Pequeño ensayo de Fernando Lillo donde los autores antiguos nos explican sus puntos de vista acerca de la relación entre la naturaleza y el ser humano, la contaminación del plomo y la difícil sostenibilidad de la Roma imperial
Fernando Lillo (1969) es profesor de lenguas clásicas en instituto y prolífico divulgador. La editorial Rhemata está centrada en traducciones de textos latinos y griegos, así como ensayos sobre la Antigüedad, tanto gentil como cristiana. De la colaboración de ambos surge este volumen de apenas un centenar de páginas y en que se da cuenta, para empezar, de la percepción que existía en el mundo romano del entorno natural. Grosso modo, esta obrita procura no dejar sin tratar cada uno de los aspectos relativos a la ecología o el medio ambiente trasladados al Mediterráneo de hace veinte siglos. Aunque algunos detalles más se podrían haber añadido, para completar el panorama. En todo caso, las facetas esenciales están bien abordadas.
Por una parte, el libro ofrece el punto de vista —o los puntos de vista— que en Roma existía acerca de la relación entre el ser humano y la naturaleza. Es un tema complejo, repleto de consideraciones religiosas, prácticas, morales y filosóficas. Además, y como sucede a lo largo de estas páginas, Lillo aporta constantes pasajes de autores antiguos —desde Séneca y Cicerón hasta Juvenal y Marcial—, para conocer su manera propia de entender el asunto. Son los mismos antiguos, explicados por Lillo Redonet, quienes exponen desde su época conceptos que podrían parecer nuestros. La calidad, cantidad, extensión y oportunidad de estos pasajes es uno de los más reconocibles aciertos del libro.
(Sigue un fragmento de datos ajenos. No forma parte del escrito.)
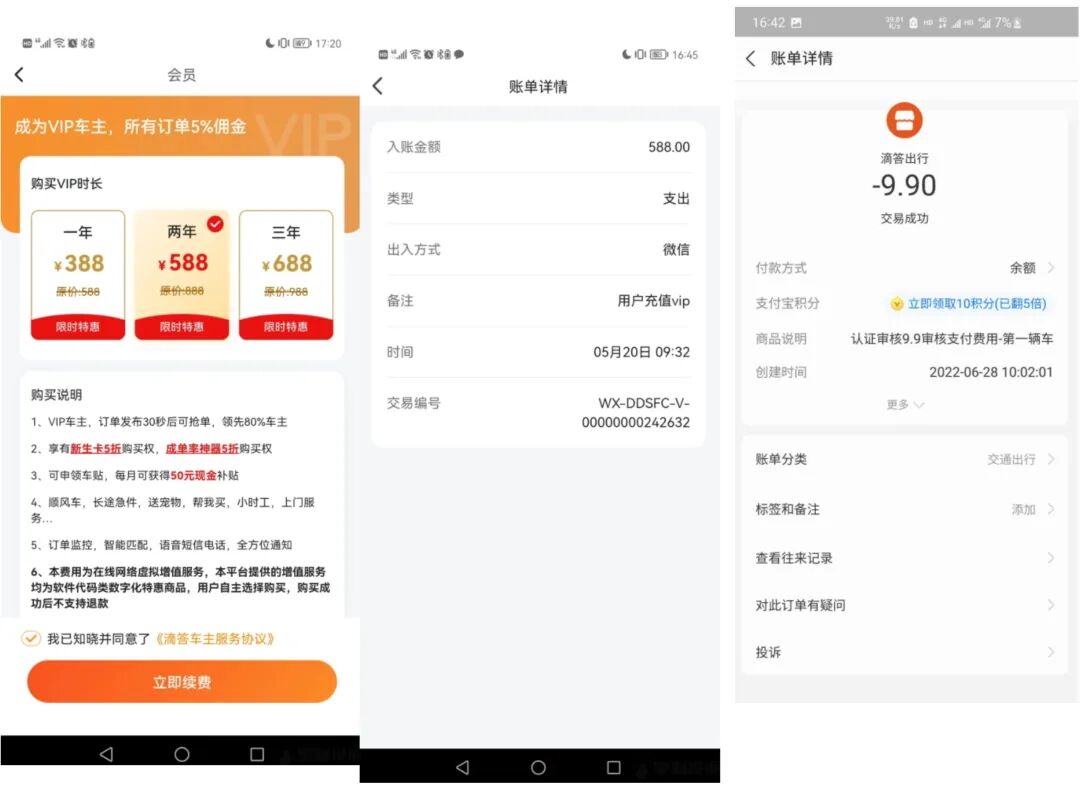 购买了588元VIP会员的陈鹏表示,“苹果和各大安卓商城都上架了‘滴答顺风车’,从标识和文字以及应用介绍,都碰瓷嘀嗒出行。”

Asimismo, Lillo añade en la primera parte de la bibliografía suficientes referencias de ediciones fiables de este tipo de textos, tanto de Oxford, Teubner y Loeb, como de Gredos y CSIC.
RHEMATA / 108 PÁGS.
Ecología en la Antigua Roma
Fernando Lillo Redonet
Gracias a los testimonios de los propios autores de la Antigüedad, nos hacemos cargo de hasta qué punto los romanos podían tener su «mito del buen salvaje», o en qué grado era conveniente aplicar aquel consejo del Dios judío: «someted la tierra». Por eso, Lillo habla de la creación humana de una «segunda naturaleza», así como del continuado debate acerca de las ventajas e inconvenientes de la vida urbana y de la vida campestre. Nihil novum…
A lo largo de los capítulos, Ecología en la Antigua Roma señala cuáles fueron los principales retos y amenazas de aquellos siglos. Desde la necesidad de construir presas, desecar zonas palustres, regular los cursos de los ríos, hasta el ingente consumo de madera, la forma de explotar los recursos mineros… y la enorme contaminación que se padeció a causa de una acumulación de plomo que, según el autor, era superior a la de nuestros días a causa de la gasolina. La habilidad de los ingenieros romanos, los consejos a la hora de construir edificios que aprovecharan bien la luz solar, o el continuado reciclaje de material de cerámica o incluso de mármoles, son muchos de los puntos con que este libro nos ayuda a reflexionar sobre cómo afrontar nuestros propios problemas ambientales.
Aquí estriba otra de las virtudes del libro: no es un libro de anécdotas y curiosidades históricas, sino un ejemplo de actitud humanística. La historia no es más que conocimiento de lo humano, y por ello constituye una ayuda a la hora de comprendernos a nosotros y nuestro tiempo. Por eso —y aunque la Roma de los Césares carecía de automóviles—, el último capítulo resulta de gran provecho, en tanto que se pregunta si la Ciudad de las Siete Colinas era «sostenible». Sobrepoblación, apartamentos estrechos y caros, necesidad de calefacción y de red sanitaria —muy, muy pocos romanos disponían de agua corriente en casa—, suciedad abundante en las calles, tráfico rodado, transporte de mercancías, ruidos, malos olores… Quebraderos de cabeza de ayer y de hoy.